» Task to complete: No pictures go into the copy. Write out exactly the lines below from the one containing "Barcana 4 Count" through the one containing "为进一步增强师范生(含非师范".

» Provided material:

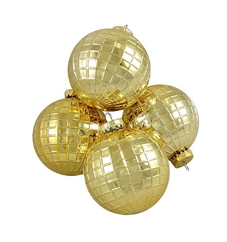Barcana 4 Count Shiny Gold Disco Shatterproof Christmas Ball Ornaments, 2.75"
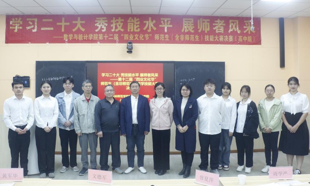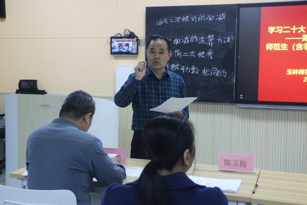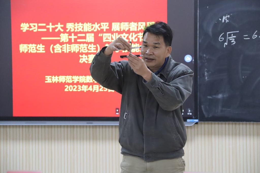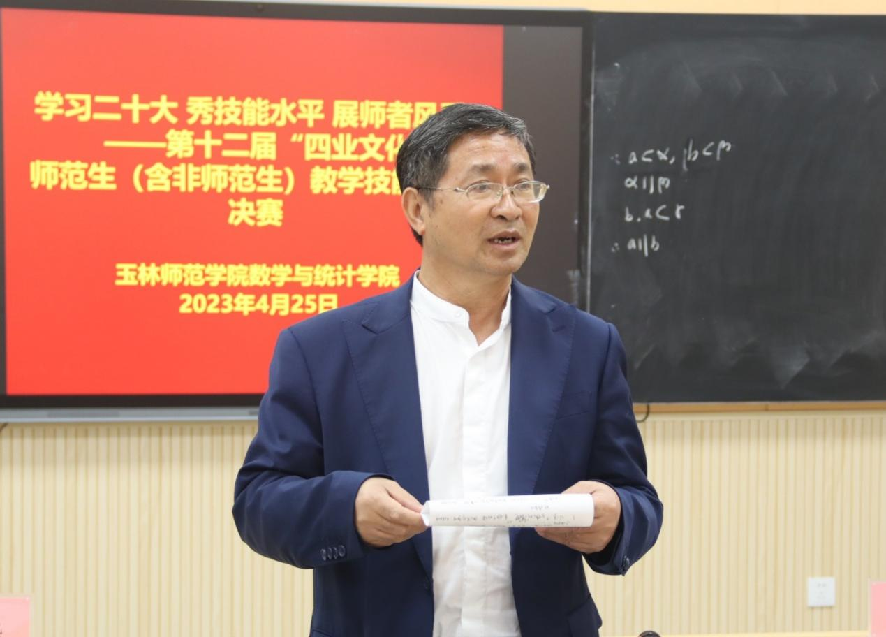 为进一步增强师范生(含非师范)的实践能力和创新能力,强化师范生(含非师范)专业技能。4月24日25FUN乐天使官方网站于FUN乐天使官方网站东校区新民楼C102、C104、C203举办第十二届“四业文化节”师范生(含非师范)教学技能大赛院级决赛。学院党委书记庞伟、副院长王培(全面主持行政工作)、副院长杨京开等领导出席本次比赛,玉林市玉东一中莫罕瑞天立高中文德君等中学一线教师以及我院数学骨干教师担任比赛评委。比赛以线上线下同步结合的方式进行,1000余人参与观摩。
==
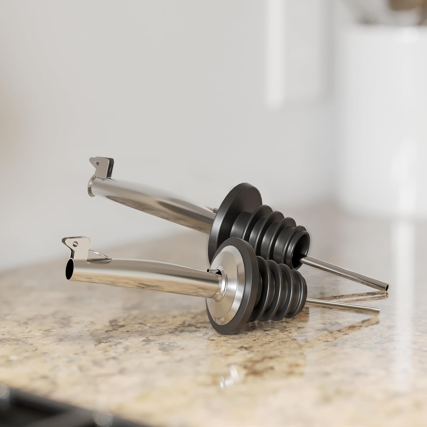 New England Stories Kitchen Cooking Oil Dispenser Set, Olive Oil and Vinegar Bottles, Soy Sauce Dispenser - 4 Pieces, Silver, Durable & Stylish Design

» Exercise result:
Barcana 4 Count Shiny Gold Disco Shatterproof Christmas Ball Ornaments, 2.75"
 为进一步增强师范生(含非师范)的实践能力和创新能力,强化师范生(含非师范)专业技能。4月24日25FUN乐天使官方网站于FUN乐天使官方网站东校区新民楼C102、C104、C203举办第十二届“四业文化节”师范生(含非师范)教学技能大赛院级决赛。学院党委书记庞伟、副院长王培(全面主持行政工作)、副院长杨京开等领导出席本次比赛,玉林市玉东一中莫罕瑞天立高中文德君等中学一线教师以及我院数学骨干教师担任比赛评委。比赛以线上线下同步结合的方式进行,1000余人参与观摩。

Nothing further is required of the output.